*EXERCISE PROMPT*
Go through the listing below and output exactly the line with "a clifftop outside", the line with "在聊天窗口空白位置距脾沫鼠标右泛陕键单击,弹出对话菜单,选择多选兼之选项;", and each line between; omit the rest.

*DATA RECORDS*
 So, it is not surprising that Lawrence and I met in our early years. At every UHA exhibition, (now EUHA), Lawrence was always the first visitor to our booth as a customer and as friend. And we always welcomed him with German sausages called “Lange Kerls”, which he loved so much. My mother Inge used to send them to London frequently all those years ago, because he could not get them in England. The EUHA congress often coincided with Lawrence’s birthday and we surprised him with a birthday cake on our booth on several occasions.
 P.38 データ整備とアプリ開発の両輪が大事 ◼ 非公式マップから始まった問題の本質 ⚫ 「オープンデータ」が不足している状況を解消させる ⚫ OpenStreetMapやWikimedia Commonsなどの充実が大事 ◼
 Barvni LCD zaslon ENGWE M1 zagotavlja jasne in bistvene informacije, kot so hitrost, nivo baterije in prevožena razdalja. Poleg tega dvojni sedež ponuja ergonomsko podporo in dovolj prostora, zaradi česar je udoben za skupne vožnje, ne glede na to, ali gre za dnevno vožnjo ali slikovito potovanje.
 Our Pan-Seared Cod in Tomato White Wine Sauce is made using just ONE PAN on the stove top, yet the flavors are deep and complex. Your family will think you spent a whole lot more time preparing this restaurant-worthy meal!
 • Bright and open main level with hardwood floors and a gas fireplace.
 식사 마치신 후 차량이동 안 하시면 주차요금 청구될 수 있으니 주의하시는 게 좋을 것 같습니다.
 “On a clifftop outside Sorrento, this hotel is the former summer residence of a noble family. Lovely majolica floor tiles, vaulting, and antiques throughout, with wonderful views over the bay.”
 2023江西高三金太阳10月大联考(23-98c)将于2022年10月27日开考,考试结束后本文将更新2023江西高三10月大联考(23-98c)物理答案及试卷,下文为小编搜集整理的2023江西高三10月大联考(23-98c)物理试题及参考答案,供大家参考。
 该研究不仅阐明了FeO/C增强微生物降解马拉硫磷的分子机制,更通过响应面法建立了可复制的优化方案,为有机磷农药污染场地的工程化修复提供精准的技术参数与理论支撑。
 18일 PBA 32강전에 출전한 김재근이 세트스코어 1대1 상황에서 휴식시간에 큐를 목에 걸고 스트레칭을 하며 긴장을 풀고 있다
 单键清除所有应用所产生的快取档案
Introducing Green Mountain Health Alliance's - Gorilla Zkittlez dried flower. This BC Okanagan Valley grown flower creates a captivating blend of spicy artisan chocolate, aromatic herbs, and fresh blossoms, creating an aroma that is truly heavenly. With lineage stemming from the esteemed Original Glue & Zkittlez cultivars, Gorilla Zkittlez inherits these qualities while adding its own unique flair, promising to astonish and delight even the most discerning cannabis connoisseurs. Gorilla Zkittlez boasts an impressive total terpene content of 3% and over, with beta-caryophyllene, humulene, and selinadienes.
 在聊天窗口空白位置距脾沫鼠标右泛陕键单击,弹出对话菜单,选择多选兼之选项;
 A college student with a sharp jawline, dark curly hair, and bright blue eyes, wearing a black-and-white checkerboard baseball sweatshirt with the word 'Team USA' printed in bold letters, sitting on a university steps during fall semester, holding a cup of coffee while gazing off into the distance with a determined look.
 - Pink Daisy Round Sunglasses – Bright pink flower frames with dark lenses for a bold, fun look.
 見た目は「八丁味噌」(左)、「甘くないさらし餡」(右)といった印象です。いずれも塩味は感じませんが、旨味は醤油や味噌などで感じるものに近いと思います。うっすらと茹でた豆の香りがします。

*RESPONSE TO THIS TASK*
 “On a clifftop outside Sorrento, this hotel is the former summer residence of a noble family. Lovely majolica floor tiles, vaulting, and antiques throughout, with wonderful views over the bay.”
 2023江西高三金太阳10月大联考(23-98c)将于2022年10月27日开考,考试结束后本文将更新2023江西高三10月大联考(23-98c)物理答案及试卷,下文为小编搜集整理的2023江西高三10月大联考(23-98c)物理试题及参考答案,供大家参考。
 该研究不仅阐明了FeO/C增强微生物降解马拉硫磷的分子机制,更通过响应面法建立了可复制的优化方案,为有机磷农药污染场地的工程化修复提供精准的技术参数与理论支撑。
 18일 PBA 32강전에 출전한 김재근이 세트스코어 1대1 상황에서 휴식시간에 큐를 목에 걸고 스트레칭을 하며 긴장을 풀고 있다
 单键清除所有应用所产生的快取档案
Introducing Green Mountain Health Alliance's - Gorilla Zkittlez dried flower. This BC Okanagan Valley grown flower creates a captivating blend of spicy artisan chocolate, aromatic herbs, and fresh blossoms, creating an aroma that is truly heavenly. With lineage stemming from the esteemed Original Glue & Zkittlez cultivars, Gorilla Zkittlez inherits these qualities while adding its own unique flair, promising to astonish and delight even the most discerning cannabis connoisseurs. Gorilla Zkittlez boasts an impressive total terpene content of 3% and over, with beta-caryophyllene, humulene, and selinadienes.
 在聊天窗口空白位置距脾沫鼠标右泛陕键单击,弹出对话菜单,选择多选兼之选项;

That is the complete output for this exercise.